What needs to be done
These records contain pictures, which must be left out; copy exactly the lines from the one with "I did accomplish" up to and including the one with "pins, este conector".

** Data extract follows **

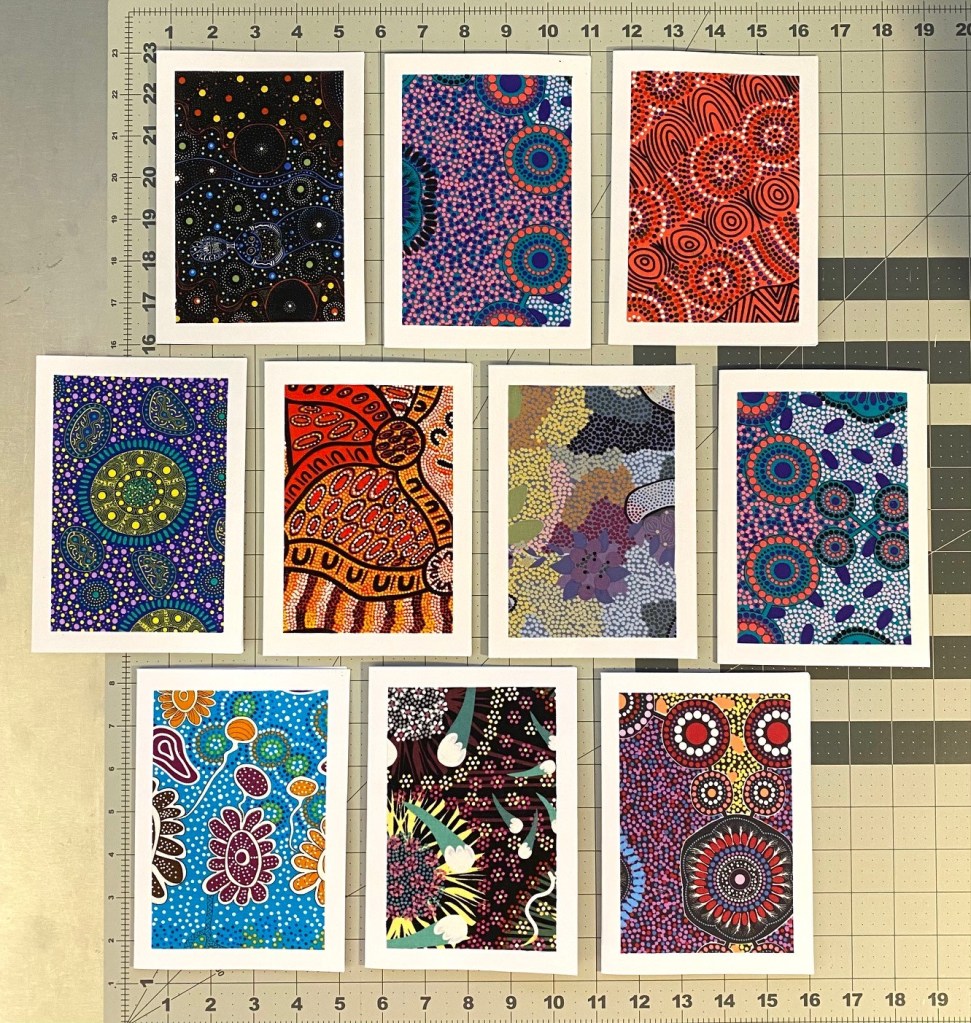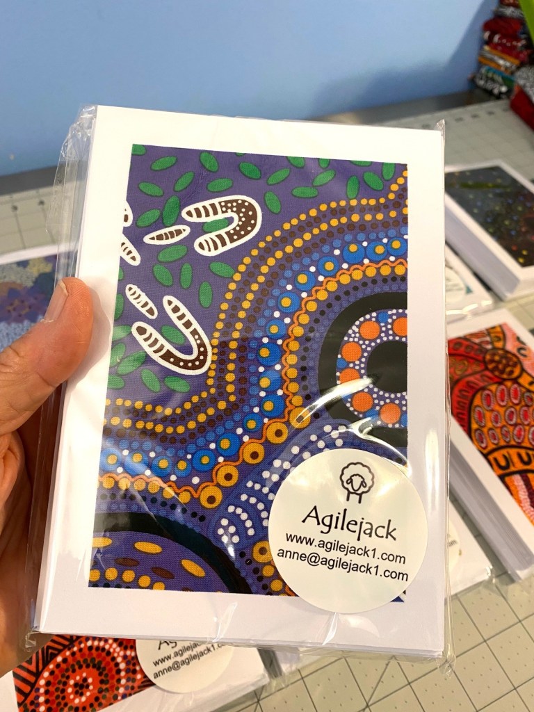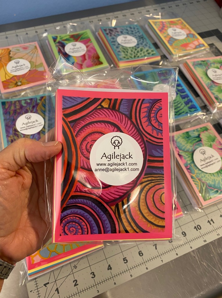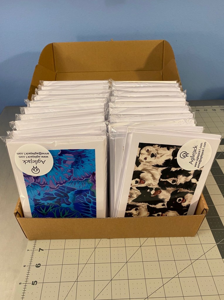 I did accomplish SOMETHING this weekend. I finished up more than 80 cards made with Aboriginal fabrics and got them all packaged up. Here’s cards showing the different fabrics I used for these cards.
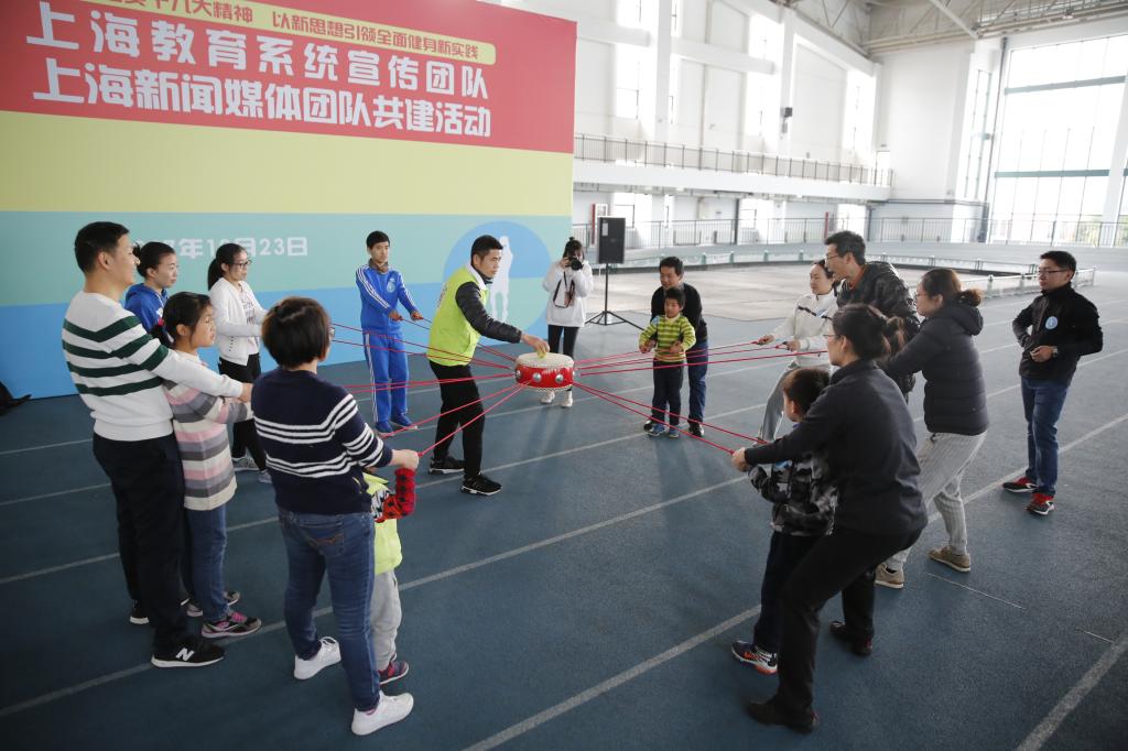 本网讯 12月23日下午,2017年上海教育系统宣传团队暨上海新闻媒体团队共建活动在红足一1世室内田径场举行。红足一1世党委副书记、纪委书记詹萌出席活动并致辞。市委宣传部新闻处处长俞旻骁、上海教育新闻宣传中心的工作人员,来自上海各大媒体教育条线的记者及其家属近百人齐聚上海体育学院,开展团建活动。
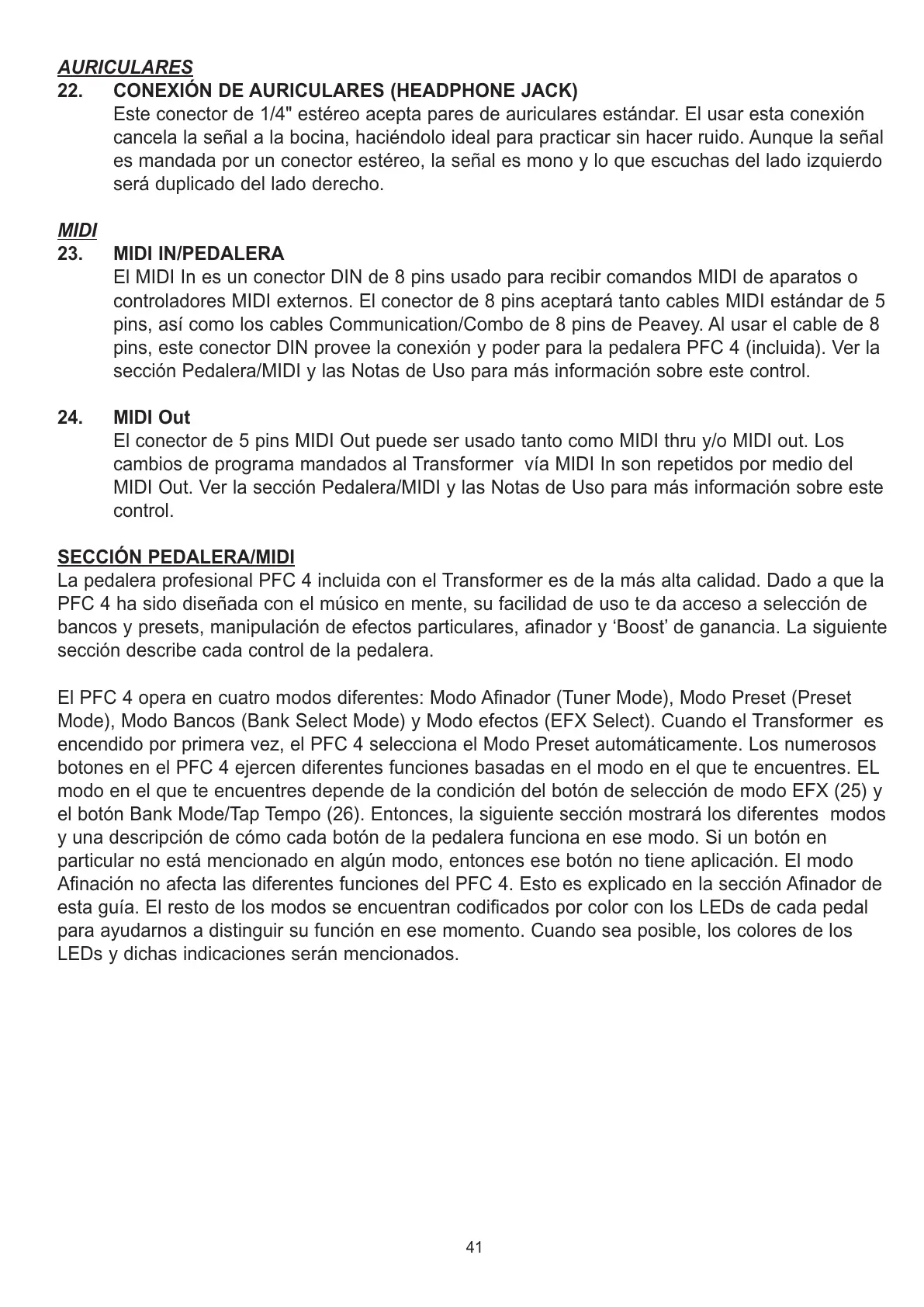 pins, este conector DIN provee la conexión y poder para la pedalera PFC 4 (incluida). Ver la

** End of Data extract **
** Data extract follows **

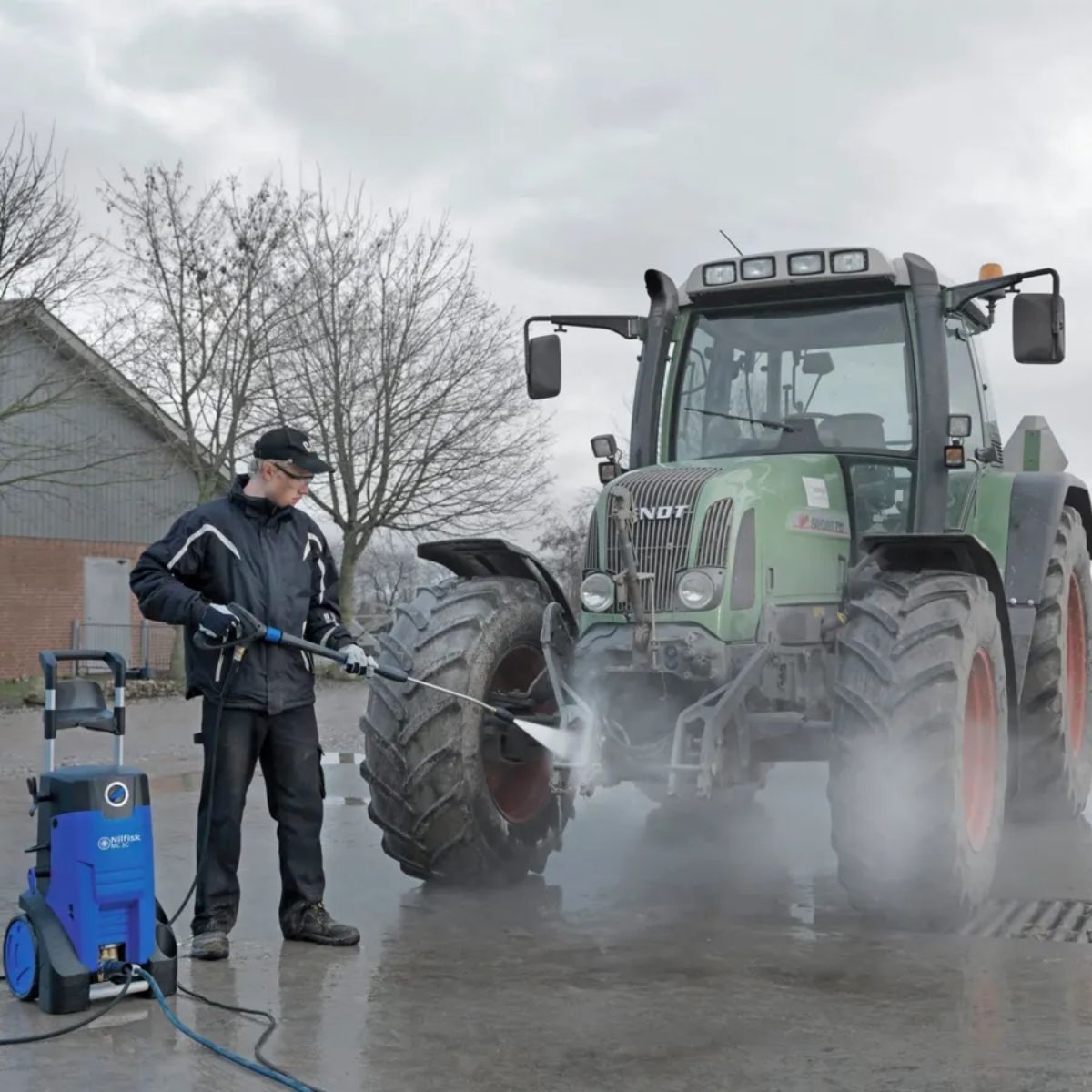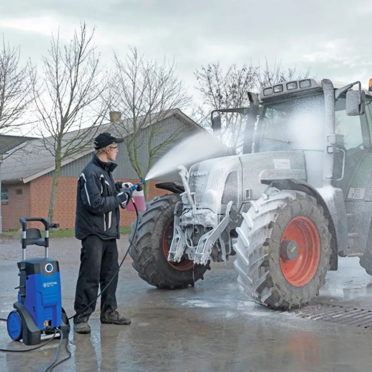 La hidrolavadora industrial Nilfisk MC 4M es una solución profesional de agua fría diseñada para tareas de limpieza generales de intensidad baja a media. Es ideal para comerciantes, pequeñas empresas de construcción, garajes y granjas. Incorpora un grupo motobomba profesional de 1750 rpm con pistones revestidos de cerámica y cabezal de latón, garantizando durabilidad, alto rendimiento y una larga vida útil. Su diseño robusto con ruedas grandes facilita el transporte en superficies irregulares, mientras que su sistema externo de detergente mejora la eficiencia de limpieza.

** End of Data extract **

Written solution
 I did accomplish SOMETHING this weekend. I finished up more than 80 cards made with Aboriginal fabrics and got them all packaged up. Here’s cards showing the different fabrics I used for these cards.
 本网讯 12月23日下午,2017年上海教育系统宣传团队暨上海新闻媒体团队共建活动在红足一1世室内田径场举行。红足一1世党委副书记、纪委书记詹萌出席活动并致辞。市委宣传部新闻处处长俞旻骁、上海教育新闻宣传中心的工作人员,来自上海各大媒体教育条线的记者及其家属近百人齐聚上海体育学院,开展团建活动。
 pins, este conector DIN provee la conexión y poder para la pedalera PFC 4 (incluida). Ver la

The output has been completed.